Question: Could you describe the topic of your WP?
Answer Tobias Sommer: Our WP concerns the design and optimization of future thermal grids in Switzerland. Thermal grids will meet about 30% of the building’s heating demand by 2050 for the net-zero CO2 target. Currently, it is less than 10%. So we expect a dramatic increase in thermal networks in the future. Additionally, for the decarbonization of the building sector, new thermal networks should be based on renewables and excess heat, which are variable in space and time and available at relatively low temperatures. The future generation of thermal networks must cope with this inherent dynamic by damping temporal fluctuations using thermal storage and sophisticated control strategies. Additionally, we observe a growing demand for cooling. Cooling can be provided directly, meaning without chillers, when network temperatures are below 20 °C. In WP03, we develop guidelines and tools to design and optimize future thermal networks for heating and cooling.
Question: How does it relate to DeCarbCH?
T. Sommer: DeCarbCH deals with the decarbonisation of the heating and cooling sector, in line with the “Energieperspektiven 2050+”. Various studies demonstrate that thermal grids are essential for reaching net-zero CO2 emissions by 2050 latest.
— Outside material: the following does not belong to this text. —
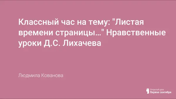 Классный час проводится в форме презентации газеты "Листая времени страницы...". Цель классного часа: знакомство с биографией и статьями академика Лихачева; формирование нравственных, эстетических и патриотических качеств учащихся.
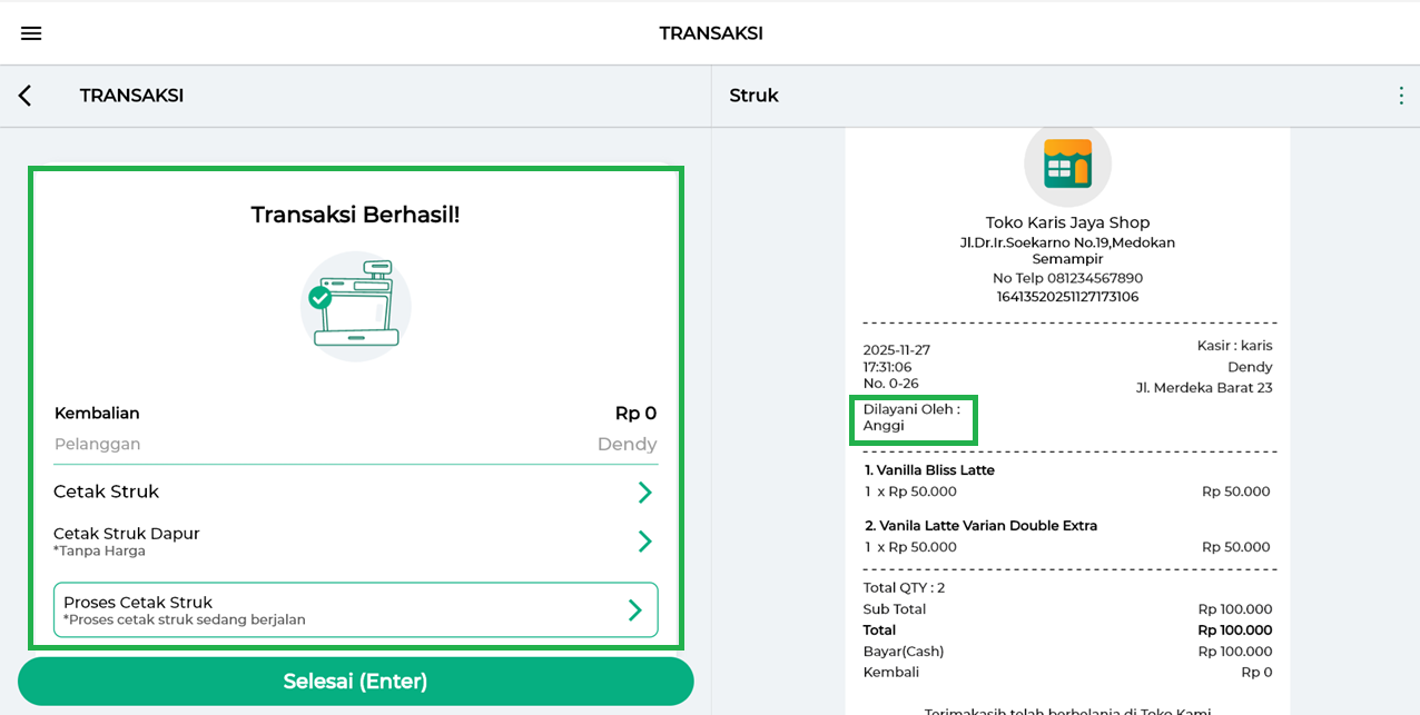 - Berikut merupakan contoh tampilan transaksi berhasil yang berada di sebelah kiri layar dan tampilan struk transaksi penjualan dengan Komisi Staf di sebelah kanan layar.

So here we go, there is the direct relation.
Question: What are the main objectives?
T. Sommer: We develop tools that enable relevant stakeholders to design and optimize future thermal networks suitable for heating and cooling for future thermal grids. In addition, we want to develop and understand new thermal grid concepts and their underlying control algorithms to form a base for future energy planning.
Question: What are the main research questions?
T. Sommer: The main research question is: How should future thermal grids based on renewables be designed to become as reliable, flexible, and cost-effective as the electrical grid? We know this is a very wide research question. But we also have a large team with broad expertise. In Task 3, just to provide a specific example, we are looking into options for using thermochemical liquids as fluid carriers to transport thermal energy more efficiently. In Task 4, we use detailed modeling to reveal hydrothermal challenges that must be considered during operation but are generally ignored in energy planning.
Question: What are the main expected outcomes of your WP?
T. Sommer: The most relevant phenomena of the detailed modeling mentioned above will be included in energy planning tools that are easier and straightforward to handle. Additionally, we will identify typical settings of network agents for Switzerland and create the most efficient networks for these settings, including storage technologies. These publicly available reports will be helpful for decision makers.
Question: Could you provide some examples to illustrate the specialty of your WP?
T. Sommer: Special for WP03 is definitely its diverse expertise with members from five Swiss institutes. Moreover, in Task 4, we collaborate with the Lawrence Berkely National Laboratory (California) on state-of-the-art hydrothermal simulations. The WP members are thus just as diverse as thermal grids are. Another specialty is the NODES-Lab at the Lucerne University of Applied Sciences and Arts, which is a unique thermal network on a lab scale. It will be used to demonstrate new technologies and control concepts.
Question: Have there been any changes or adaptations in WP03 since DeCarbCH started in April 2021?
T. Sommer: Topic-wise, no. People-wise, yes. For example, Binod Koirala (Empa) replaced Andrew Bollinger (Empa) in Task 5 regarding the EHub Tool. Luca Baldini switched from Empa to ZHAW but is keeping his topic. The biggest change in person is perhaps me (Tobias Sommer) leaving HSLU by 30 April. But I am very happy that Dr. Willy Villasmil is taking over my position and that Stefan Mennel will remain PI for WP03. They will form a great team.
Question: A final word for our readers?
T. Sommer: Look up! (Referring to the amazing movie “Don’t look up”).